**Your task:** With pictures excluded, copy word for word the lines in the data below from the line containing "刺杀操 在共建单位驻宁武警某" through the line containing "ヴィラ屋外中庭ソファハイエン".

**Listed entries:**
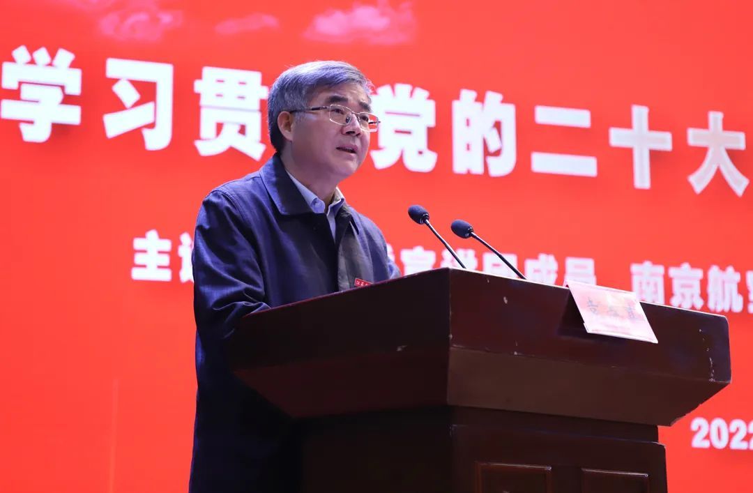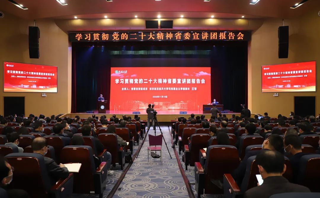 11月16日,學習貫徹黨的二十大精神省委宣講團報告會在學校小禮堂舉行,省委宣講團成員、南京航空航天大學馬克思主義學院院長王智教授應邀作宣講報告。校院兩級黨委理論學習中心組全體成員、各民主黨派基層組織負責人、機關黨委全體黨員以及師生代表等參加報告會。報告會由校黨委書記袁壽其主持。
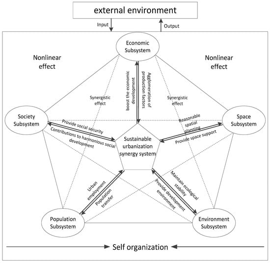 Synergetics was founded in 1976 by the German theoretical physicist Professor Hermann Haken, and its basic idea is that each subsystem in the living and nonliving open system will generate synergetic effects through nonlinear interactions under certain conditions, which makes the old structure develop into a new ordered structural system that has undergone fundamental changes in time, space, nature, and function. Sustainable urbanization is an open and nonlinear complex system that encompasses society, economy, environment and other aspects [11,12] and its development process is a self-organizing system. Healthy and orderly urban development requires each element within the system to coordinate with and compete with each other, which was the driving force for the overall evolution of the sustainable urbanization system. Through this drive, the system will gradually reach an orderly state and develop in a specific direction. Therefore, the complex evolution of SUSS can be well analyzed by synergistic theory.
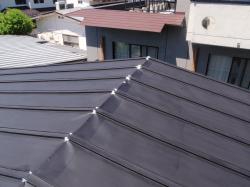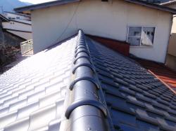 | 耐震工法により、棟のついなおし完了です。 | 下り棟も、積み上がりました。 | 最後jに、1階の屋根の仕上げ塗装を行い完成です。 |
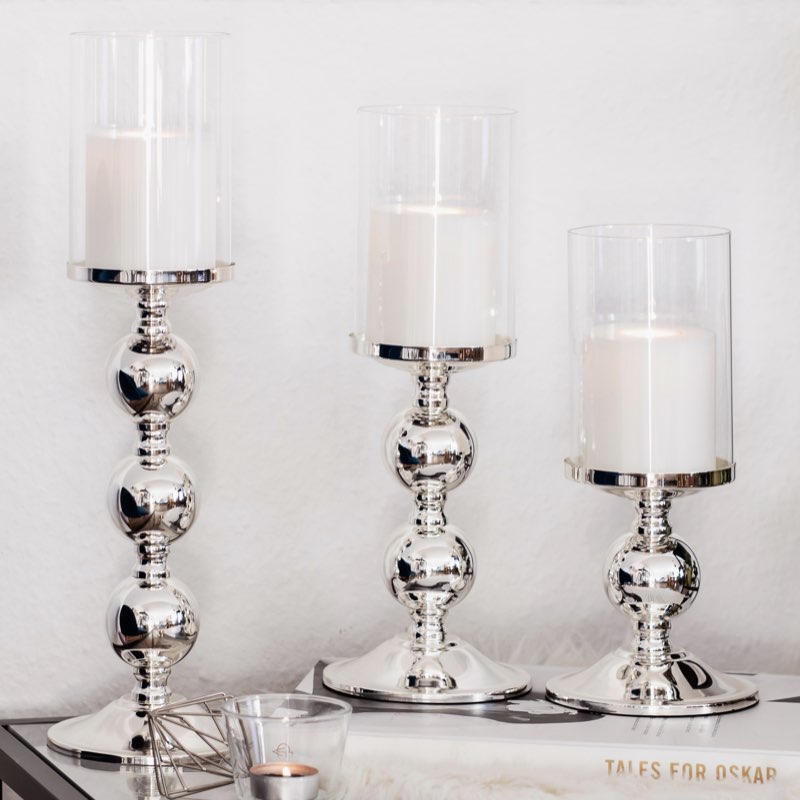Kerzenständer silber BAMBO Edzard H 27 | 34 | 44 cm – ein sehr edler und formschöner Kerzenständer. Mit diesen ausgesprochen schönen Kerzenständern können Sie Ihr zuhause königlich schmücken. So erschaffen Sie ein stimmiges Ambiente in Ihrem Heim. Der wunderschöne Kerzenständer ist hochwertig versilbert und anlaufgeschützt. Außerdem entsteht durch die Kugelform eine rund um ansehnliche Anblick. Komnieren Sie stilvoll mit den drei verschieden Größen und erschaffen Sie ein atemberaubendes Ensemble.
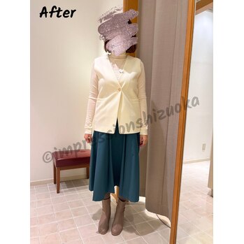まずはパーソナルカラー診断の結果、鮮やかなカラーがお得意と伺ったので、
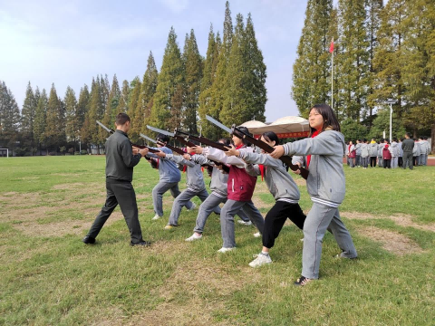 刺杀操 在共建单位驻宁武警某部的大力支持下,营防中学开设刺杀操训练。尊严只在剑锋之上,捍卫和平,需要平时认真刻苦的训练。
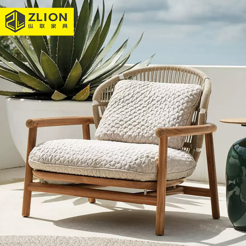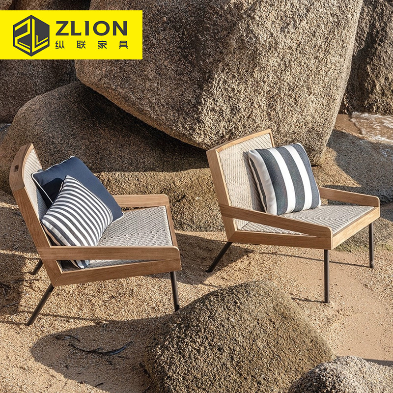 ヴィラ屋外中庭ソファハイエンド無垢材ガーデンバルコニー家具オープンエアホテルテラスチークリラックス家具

--

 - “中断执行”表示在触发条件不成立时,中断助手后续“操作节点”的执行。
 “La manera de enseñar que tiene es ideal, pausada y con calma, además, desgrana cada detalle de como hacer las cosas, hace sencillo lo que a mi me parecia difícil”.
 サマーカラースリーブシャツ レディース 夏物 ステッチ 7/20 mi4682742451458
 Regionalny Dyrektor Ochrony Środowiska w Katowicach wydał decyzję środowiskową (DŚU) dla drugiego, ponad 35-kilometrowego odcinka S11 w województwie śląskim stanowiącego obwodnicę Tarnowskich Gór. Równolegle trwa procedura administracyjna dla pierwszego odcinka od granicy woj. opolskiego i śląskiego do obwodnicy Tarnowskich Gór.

**Written solution:**
 刺杀操 在共建单位驻宁武警某部的大力支持下,营防中学开设刺杀操训练。尊严只在剑锋之上,捍卫和平,需要平时认真刻苦的训练。
 ヴィラ屋外中庭ソファハイエンド無垢材ガーデンバルコニー家具オープンエアホテルテラスチークリラックス家具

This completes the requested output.